Aim of the exercise: Would you retype all of these records exactly?
╔══
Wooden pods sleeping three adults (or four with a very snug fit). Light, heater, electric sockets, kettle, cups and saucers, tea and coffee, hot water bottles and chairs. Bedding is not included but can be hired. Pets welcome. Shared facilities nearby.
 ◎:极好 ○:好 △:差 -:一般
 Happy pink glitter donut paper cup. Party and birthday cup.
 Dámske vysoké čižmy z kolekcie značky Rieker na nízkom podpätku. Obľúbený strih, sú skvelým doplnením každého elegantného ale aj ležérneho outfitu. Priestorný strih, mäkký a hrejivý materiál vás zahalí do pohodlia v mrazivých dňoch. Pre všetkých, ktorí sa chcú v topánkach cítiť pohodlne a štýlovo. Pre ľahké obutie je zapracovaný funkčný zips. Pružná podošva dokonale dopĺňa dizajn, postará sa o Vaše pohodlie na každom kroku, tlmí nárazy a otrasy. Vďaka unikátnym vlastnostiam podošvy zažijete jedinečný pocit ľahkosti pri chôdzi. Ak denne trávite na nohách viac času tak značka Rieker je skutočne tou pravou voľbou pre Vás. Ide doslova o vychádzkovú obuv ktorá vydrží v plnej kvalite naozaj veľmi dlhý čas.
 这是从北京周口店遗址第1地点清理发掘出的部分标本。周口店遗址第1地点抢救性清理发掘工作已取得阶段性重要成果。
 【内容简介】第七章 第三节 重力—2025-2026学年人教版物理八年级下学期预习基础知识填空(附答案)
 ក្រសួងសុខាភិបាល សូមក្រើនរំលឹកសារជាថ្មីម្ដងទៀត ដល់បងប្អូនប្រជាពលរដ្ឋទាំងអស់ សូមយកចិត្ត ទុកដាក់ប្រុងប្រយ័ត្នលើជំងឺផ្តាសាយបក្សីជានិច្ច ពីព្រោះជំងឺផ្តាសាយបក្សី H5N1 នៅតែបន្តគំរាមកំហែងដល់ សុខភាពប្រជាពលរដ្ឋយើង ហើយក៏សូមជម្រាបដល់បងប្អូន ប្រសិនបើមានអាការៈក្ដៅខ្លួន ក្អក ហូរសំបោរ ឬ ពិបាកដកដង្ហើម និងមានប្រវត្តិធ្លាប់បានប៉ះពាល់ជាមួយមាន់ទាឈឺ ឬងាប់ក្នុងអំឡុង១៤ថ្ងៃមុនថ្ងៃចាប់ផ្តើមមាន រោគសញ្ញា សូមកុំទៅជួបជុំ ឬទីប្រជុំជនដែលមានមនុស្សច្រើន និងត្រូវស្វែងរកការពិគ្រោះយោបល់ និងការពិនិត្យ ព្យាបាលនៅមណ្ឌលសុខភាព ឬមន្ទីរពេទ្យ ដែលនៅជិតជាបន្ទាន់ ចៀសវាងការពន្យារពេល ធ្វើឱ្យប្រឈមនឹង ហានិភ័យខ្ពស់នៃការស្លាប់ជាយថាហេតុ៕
╚══
Finished exercise:
Wooden pods sleeping three adults (or four with a very snug fit). Light, heater, electric sockets, kettle, cups and saucers, tea and coffee, hot water bottles and chairs. Bedding is not included but can be hired. Pets welcome. Shared facilities nearby.
 ◎:极好 ○:好 △:差 -:一般
 Happy pink glitter donut paper cup. Party and birthday cup.
 Dámske vysoké čižmy z kolekcie značky Rieker na nízkom podpätku. Obľúbený strih, sú skvelým doplnením každého elegantného ale aj ležérneho outfitu. Priestorný strih, mäkký a hrejivý materiál vás zahalí do pohodlia v mrazivých dňoch. Pre všetkých, ktorí sa chcú v topánkach cítiť pohodlne a štýlovo. Pre ľahké obutie je zapracovaný funkčný zips. Pružná podošva dokonale dopĺňa dizajn, postará sa o Vaše pohodlie na každom kroku, tlmí nárazy a otrasy. Vďaka unikátnym vlastnostiam podošvy zažijete jedinečný pocit ľahkosti pri chôdzi. Ak denne trávite na nohách viac času tak značka Rieker je skutočne tou pravou voľbou pre Vás. Ide doslova o vychádzkovú obuv ktorá vydrží v plnej kvalite naozaj veľmi dlhý čas.
 这是从北京周口店遗址第1地点清理发掘出的部分标本。周口店遗址第1地点抢救性清理发掘工作已取得阶段性重要成果。
 【内容简介】第七章 第三节 重力—2025-2026学年人教版物理八年级下学期预习基础知识填空(附答案)
 ក្រសួងសុខាភិបាល សូមក្រើនរំលឹកសារជាថ្មីម្ដងទៀត ដល់បងប្អូនប្រជាពលរដ្ឋទាំងអស់ សូមយកចិត្ត ទុកដាក់ប្រុងប្រយ័ត្នលើជំងឺផ្តាសាយបក្សីជានិច្ច ពីព្រោះជំងឺផ្តាសាយបក្សី H5N1 នៅតែបន្តគំរាមកំហែងដល់ សុខភាពប្រជាពលរដ្ឋយើង ហើយក៏សូមជម្រាបដល់បងប្អូន ប្រសិនបើមានអាការៈក្ដៅខ្លួន ក្អក ហូរសំបោរ ឬ ពិបាកដកដង្ហើម និងមានប្រវត្តិធ្លាប់បានប៉ះពាល់ជាមួយមាន់ទាឈឺ ឬងាប់ក្នុងអំឡុង១៤ថ្ងៃមុនថ្ងៃចាប់ផ្តើមមាន រោគសញ្ញា សូមកុំទៅជួបជុំ ឬទីប្រជុំជនដែលមានមនុស្សច្រើន និងត្រូវស្វែងរកការពិគ្រោះយោបល់ និងការពិនិត្យ ព្យាបាលនៅមណ្ឌលសុខភាព ឬមន្ទីរពេទ្យ ដែលនៅជិតជាបន្ទាន់ ចៀសវាងការពន្យារពេល ធ្វើឱ្យប្រឈមនឹង ហានិភ័យខ្ពស់នៃការស្លាប់ជាយថាហេតុ៕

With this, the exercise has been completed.